Summary, Contributions, and Conclusion
As of 6th May 2020, there were almost 4 million known, confirmed cases of COVID-19 worldwide. By mid-July, that number more than tripled. It reached 30 million cases by September, and close to one million deaths.Footnote 12 By December 2021, over 250 million cases and 5 million deaths have been documented. By May 2022, that number grew to over 530 million cases and almost over 6 million deaths. Many global efforts are still being taken to combat the virus. As ordinary people seek to understand the virus, and learn how to protect themselves, they frequently turn to online platforms, such as Twitter, which is often regarded as a good resource from which to analyze opinions from user-generated content [44].

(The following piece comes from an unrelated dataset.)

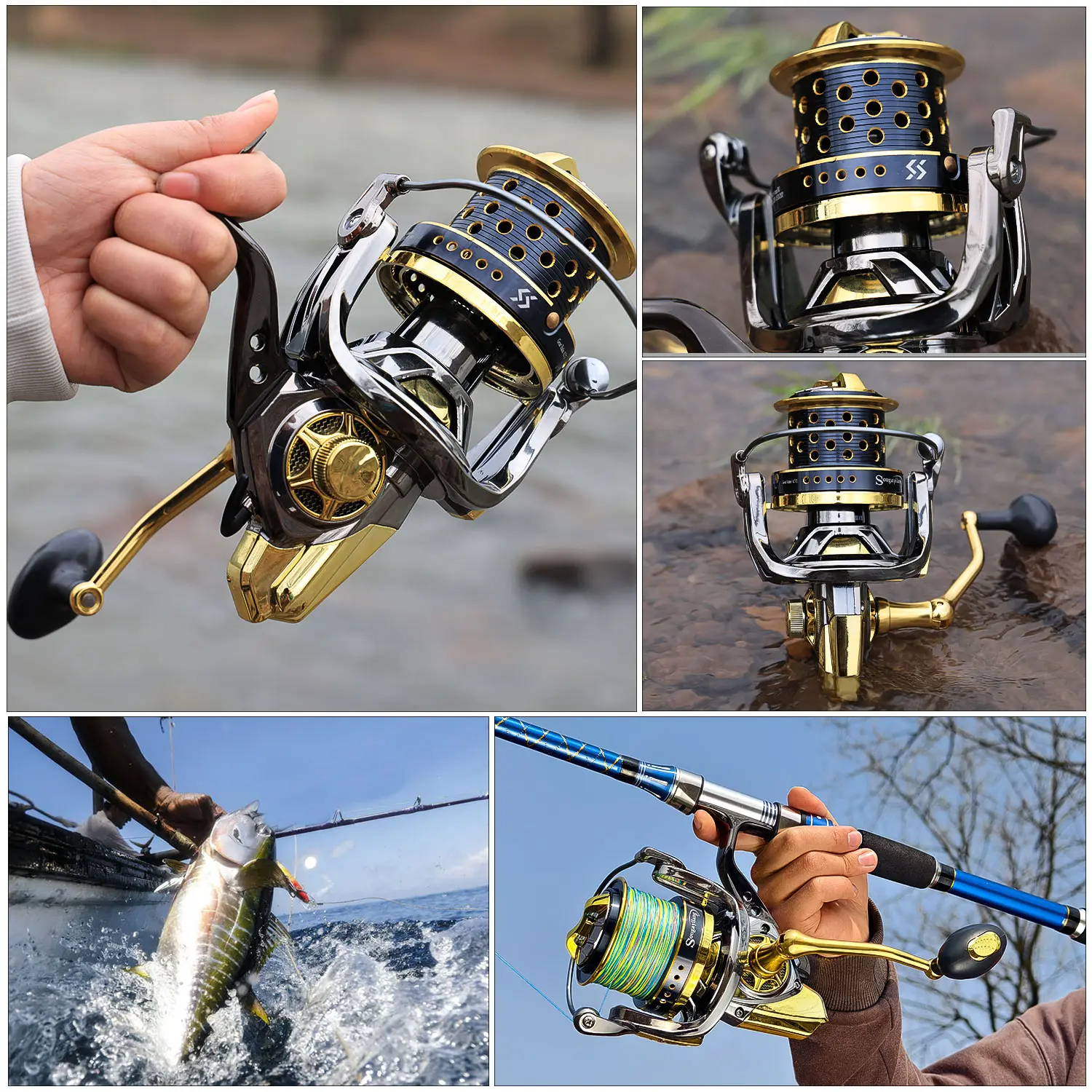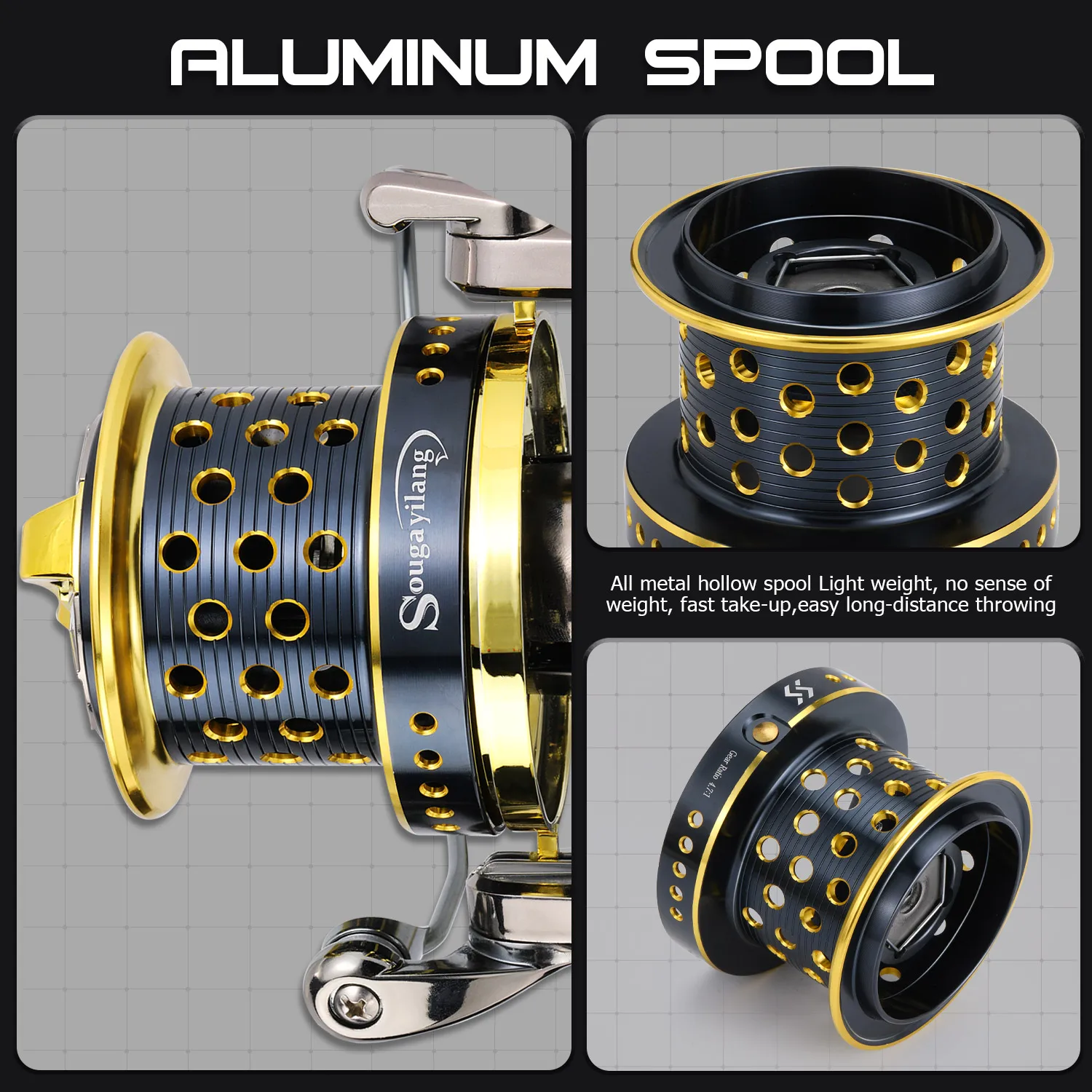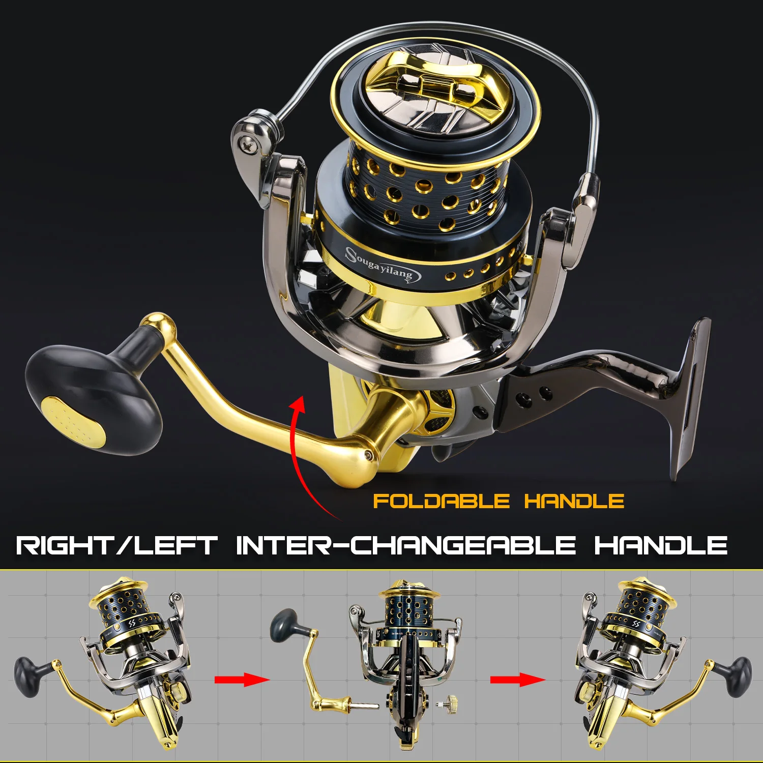 Sougayilang 10000 Carrete de Pesca de Carpa 10 + 1 BB 4,7: 1 Carrete de Alta Velocidad de Aleación de Aluminio Anti-colisión Max Drag 20KG Carrete de Pesca

Contributions—Human Communication
This paper makes several contributions to knowledge about human communication using social media, couched in the use of Twitter within the COVID-19 pandemic, which lead to interesting questions for future research. First, we found that the text sentiment and emotions of Twitter messages with and without video and pictures is statistically significantly different. Although not clear why, the findings suggest important differences. Is it a general characteristic of human communication that using pictures results in different text sentiment than if pictures are not used?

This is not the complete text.